Another common theme, despite the criticism that this COP had been too exclusive and elitist, was that young and indigenous communities are key to solving this crisis and their voices must be heard. Indeed, some argue that, as those most impacted by climate change today and in the future, they should be leading the conversations. They should not just be in possession of just a seat at the table, but rather the entire table.
Usha Rao-Monari (Under-Secretary-General and Associate Administrator of the United Nations Development Programme) made this point at GEFI’s opening session for Finance for Nature in Nature where she questioned whether young and indigenous communities are being provided with an appropriate platform and, on the occasions when they, are she expressed concern that their voices have been drowned out by the noise. This was echoed throughout the conference noticeably by Elizabeth Mrema (Acting Executive Secretary of the UN Convention on Biological Diversity Secretariat) and Patricia Espinosa (Executive Secretary of the United Nations Framework Convention on Climate Change (UNFCCC)) to mention a few.

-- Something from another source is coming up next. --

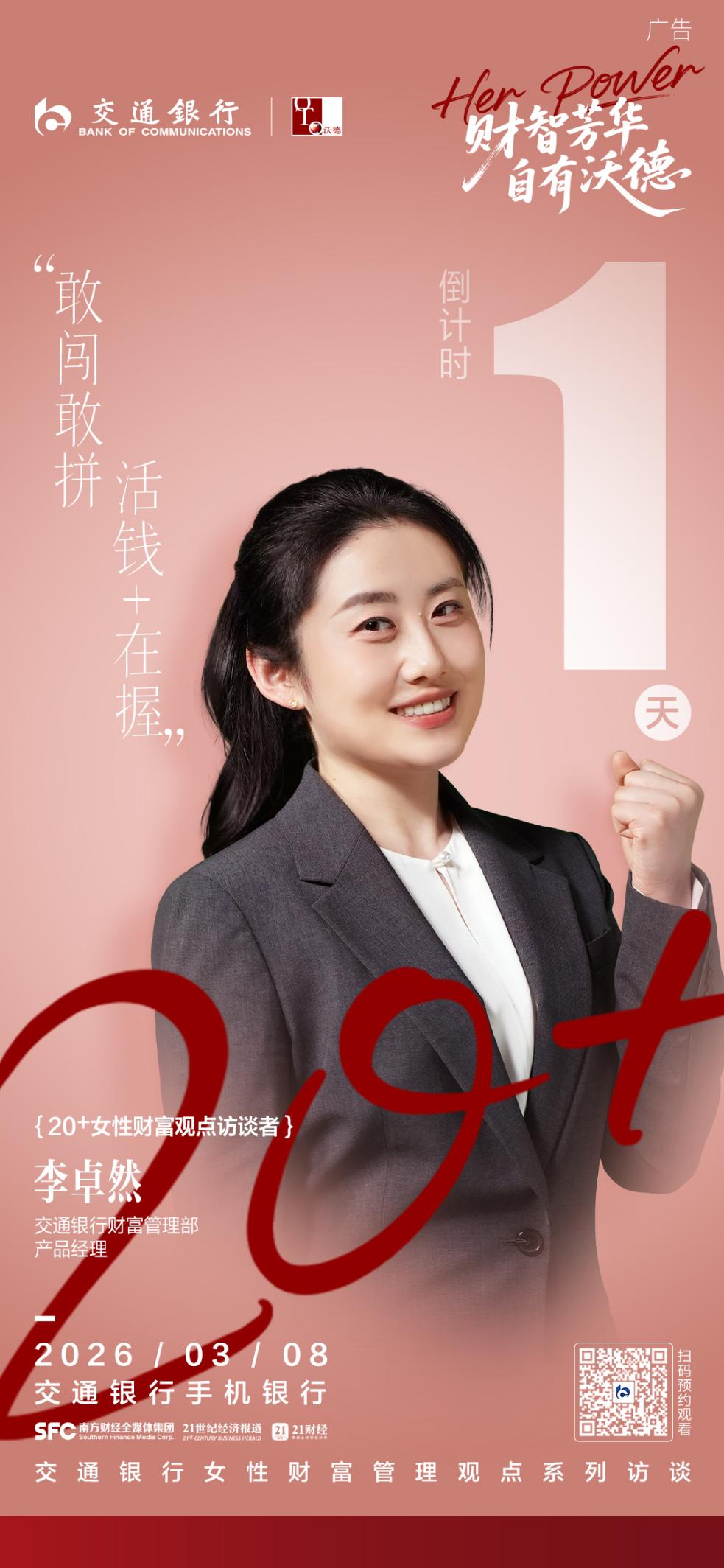以专业致敬力量,以守护陪伴时光。三八妇女节将至,我们即将推出一组暖心视频,镜头里有20+的她的青春姿态,也有50+、40+、30+女性的多样光芒和专属财富智慧。敬请期待!

The GEFI COP26 programme presented several examples of how financing nature and nature-based solutions (NbS) (including community-led project), is not only possible but profitable. So, if financing NbS is key to solving the climate crisis, including financing indigenous peoples, where are we now? Mrs Mrema noted that only 3% of global finance is being spent on NbS – this figure is too low if we are to keep 1.5C alive. The wholly unequal distribution of these resources is a further hindrance.
The question that echoed around the GEFI HQ during COP26 was: is it all too late?
Having explored the halls of the Blue Zone and Green Zone, as well as hosted an array of events throughout the two weeks, there is a dichotomy between those who contend that solving the nature crisis is complex and others convinced that it is pretty simple! Seeing practical examples of how it can be done provide hope but challenges remain around transferability and scale. The confidence boosted by speaking to sustainable finance leader is quickly tempered when the next conversation it with a finance leader who just doesn’t get it.
However, on reflection, the prevailing sentiment is that this is doable. In the words of Professor Stern (leading climate economist) “we have to invest to get there, but we will get tremendous returns. Just look at renewable power”. Despite some media spin the majority of people involved in COP26, and across the GEFI programme, are far from ready to give up. We need to learn from what works, what has not worked and collaborate to ensure that finance flows to the right places, at the right levels and at the right time. This required existing investment models and measurement and reporting frameworks to be redesigned.
Willie Watt (Chair of the Scottish National Investment Bank) stated that GDP is not a sustainable measure of growth, and the sustainability of growth itself has to be reassessed, suggesting big changes are needed. Nonetheless, Abyd Karmali (Managing Director, ESG & Sustainable Finance at Bank of America) noted that ESG has helped move the financial world towards nature-based finance, signalling that change is happening and can happen quickly.
At GEFI we remain committed to raising awareness and inspiring financial institutions across the globe to recognise their role in financing nature. In 2022 we look forward to building on the progress we have made this year by supporting the Biodiversity COP15 in April and the Climate COP27 in November.
We will work to keep the conversation open, relevant and critical to support the industry’s movement towards change, so get involved where you can.